Netflix released all thirteen episodes of its own original series Jessica Jones, inspired by the hit Marvel comic The Pulse, on 11th November. Since then, the world has never quite been the same: it’s all purple…

Jessica Jones is the most relatable, kick-ass hero ever. She is completely self-deprecating, drinks a lot, and wears the same jeans for days. It’s her story and her power that we can’t identify with as an audience, though, and Krysten Ritter portrays this effortlessly. Miss Jones has strength (both mentally and physically) and she can stop a slow moving car with one hand, break a marble sink and throw a huge, six-foot tall man across a room and through a wall. Like I said, kick-ass.

Melissa Rosenberg, who created the Netflix series, crafts the character of Jessica as someone who is very fragile, yet extremely strong. Jones suffers from Post Traumatic Stress Disorder after her encounter with a mind-controlling, purple-loving villain named Kilgrave, played by David Tennant. Her PTSD results in flashbacks, nightmares and feelings of worthlessness – Jones is a superhero with her own issues, ultimately emphasising her parallels with our own lives.
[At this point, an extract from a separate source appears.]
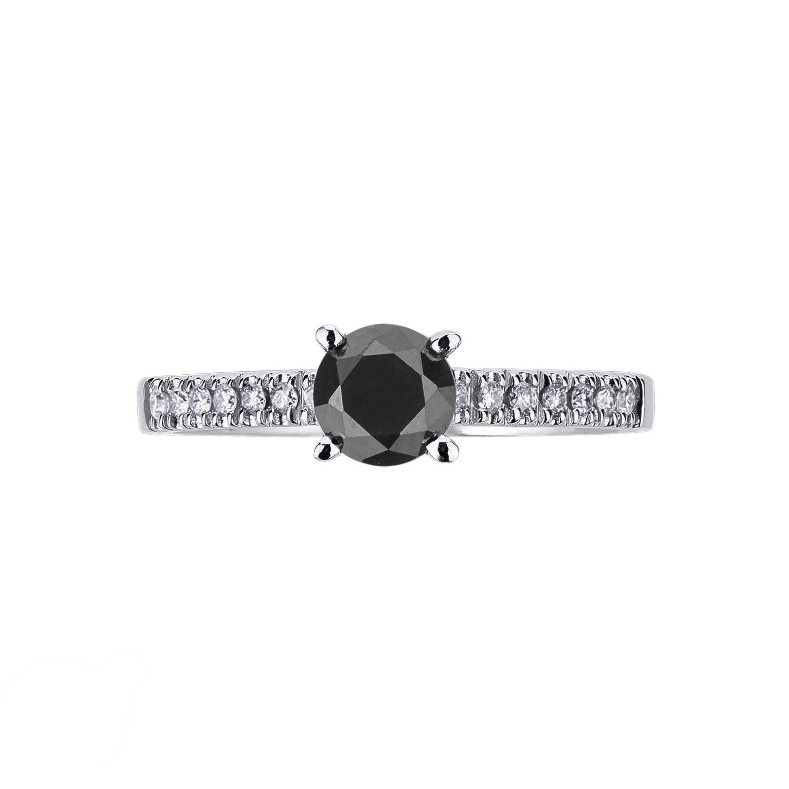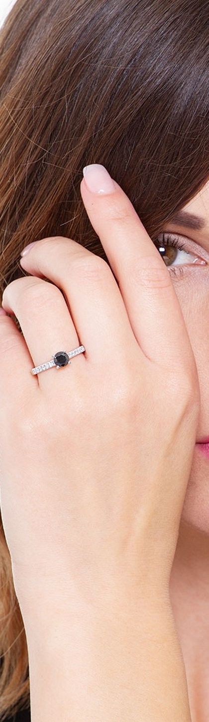 Bague en Or Blanc 18k avec Diamant Noir et Diamants Latéraux

David Tennant’s character of Kilgrave in Jessica Jones is compelling. Tennant’s Doctor Who fans may want to not watch as Kilgrave comes with mind control, resulting in him raping people, making them end their own lives and, as episode ten shows us, give their soon-to-be ex-wife ‘1000 cuts’. Kilgrave is vindictive, borderline psychopathic (if it wasn’t for his obsession with Jessica, he’d be a psychopath) and completely frightening – those of us who fell in love with Tennant as the Doctor will have never been scared of him, but we are in Jessica Jones.

The plot of all thirteen episodes is thrilling right from beginning to the end and the fact we don’t see Kilgrave for real until episode five has the suspense at an all-time high. We see Jessica almost get Kilgrave so many times, policemen handcuffed to a wall to be a witness of his mind-controlling abilities, lawyers blackmailed and so many deaths. It all starts with Hope Shlottman, whose case tips off Jessica, a private eye in New York City, that Kilgrave is back. The following twelve hours are all about how she gets to him. And it is gripping.
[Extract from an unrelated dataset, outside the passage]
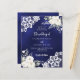 For an elegant and romantic wedding. A navy blue, uneven coloured background decorated with white florals, roses and white lace. Personalise and add your names and details.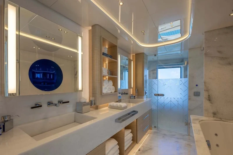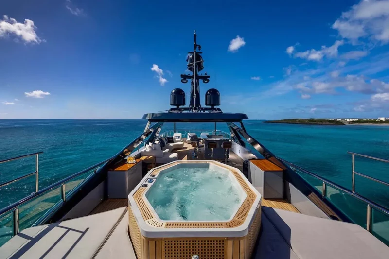 A charter on Ancora is comfortable and convenient thanks to the provided amenities, particularly a beach club for you to relax on the edge of the water. Soak up the bubbles in style in the deck jacuzzi.

While the ending cannot be discussed too much, it isn’t a let down. It makes you want to jump off the sofa you binge-watched all thirteen hours on and give a round of applause. Jessica Jones isn’t the average series about superheroes and adventure – it is dark and twisted, but ridiculously addictive. Here at b**p, we give it nine out of ten stars (and most of them are for Krysten Ritter and David Tennant’s extraordinary acting).